Marius Schulz
Marius Schulz
Front End Engineer

Bundling ES2015 Modules with TypeScript and Rollup

The TypeScript compiler allows you to specify the JavaScript version to transpile your code to. As of June 2016, you can target the following language levels:

  • ES3
  • ES5
  • ES6 / ES2015

Similarly, the compiler can emit modules in various formats:

  • AMD
  • CommonJS
  • ES2015
  • System
  • UMD

Depending on the JavaScript environment you're targeting, you'd choose a specific combination of language target and module format. For instance, you could pick ES6 and CommonJS when targeting Node v6.2.2, which supports pretty much all ECMAScript 2015 features except native modules.

If you're writing a web application, you'd transpile your TypeScript down to ES5 to have your JavaScript run in all current browsers. As for the module system, a popular choice is to target the CommonJS format and then use Browserify or Webpack to bundle all modules together into a single file.

#Bundling ES2015 Modules with Rollup

In addition to Browserify and Webpack, there's a new kid on the block: Rollup, the next-generation JavaScript module bundler. Its main value proposition is tree-shaking, a process that automatically excludes unused module exports from bundles. The idea is that there's no need to include all functions of a library in the generated bundle if your application only imports a few of them.

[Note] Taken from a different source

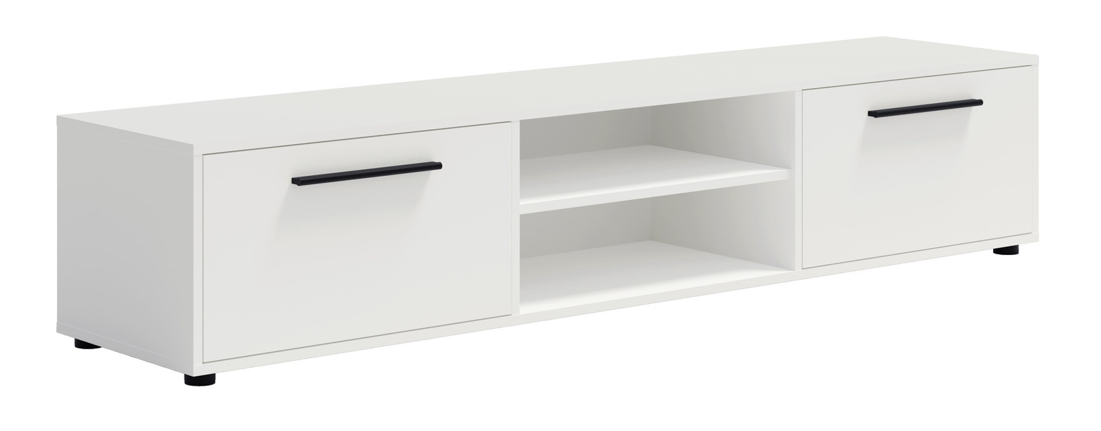 Der TV-Schrank Modena in Weiß ist eine Kombination aus modernem Design und praktischer Lösung für jedes Wohnzimmer. Seine dezente, helle Farbe verleiht dem Raum Leichtigkeit und Harmonie, während die schwarzen Griffe dem Ganzen Charakter und Eleganz verleihen und den modernen Stil des Möbels unterstreichen.

Rollup needs to understand the entire dependency graph of your modules in order to determine which exports are being used by your application. The fully static structure of the ECMAScript 2015 module system makes it possible to analyze all imports and exports at compile-time. Check out Bundling and Tree-Shaking with Rollup and ECMAScript 2015 Modules for more details.

#Emitting ES2015 Modules and ES5 Code with tsc

To create a web application that runs in all browsers, the TypeScript compiler must target ES3 or ES5. At the same time, it needs to emit ES2015 modules so that Rollup can do its work. Up until recently, these were conflicting requirements that made the compiler complain. You could only emit ES2015 modules when targeting ES6:

Cannot compile modules into 'es2015' when targeting 'ES5' or lower

This restriction has been removed with pull request #9042, which has been merged into the master branch. The feature will be part of the upcoming TypeScript 2.0 release and is available in the nightly builds today.

#Creating a Bundle with TypeScript and Rollup

Let's take look at an example. Here's a simple math module that exports two functions using the exponentiation operator standardized in ECMAScript 2016:

// math.ts
export function square(x: number) {
  return x ** 2;
}

export function cube(x: number) {
  return x ** 3;
}

The square function is then imported in the main module:

// main.ts
import { square } from "./math";

console.log(square(3));

I'm using a nightly build of the TypeScript compiler with the following options in the tsconfig.json:

{
  "compilerOptions": {
    "target": "es5",
    "module": "es2015"
  }
}

Here's the math.js file with all traces of TypeScript removed. Except for the export keyword, it's valid ES5 code:

// math.js
export function square(x) {
  return Math.pow(x, 2);
}
export function cube(x) {
  return Math.pow(x, 3);
}

Except for a missing blank line, the main.js is no different from the original TypeScript file:

// main.js
import { square } from "./math";
console.log(square(3));

If we now run the rollup main.js command, we get the following bundle:

function square(x) {
  return Math.pow(x, 2);
}

console.log(square(3));

Notice what just happened: Rollup determined that the exported cube function is never used, so it's not part of the bundle. Also, all import and export keywords are gone because all dependencies have been inlined in the correct order.

And there it is, the entire application in a single file containing only ES5 code. No TypeScript, no ECMAScript 2015 modules!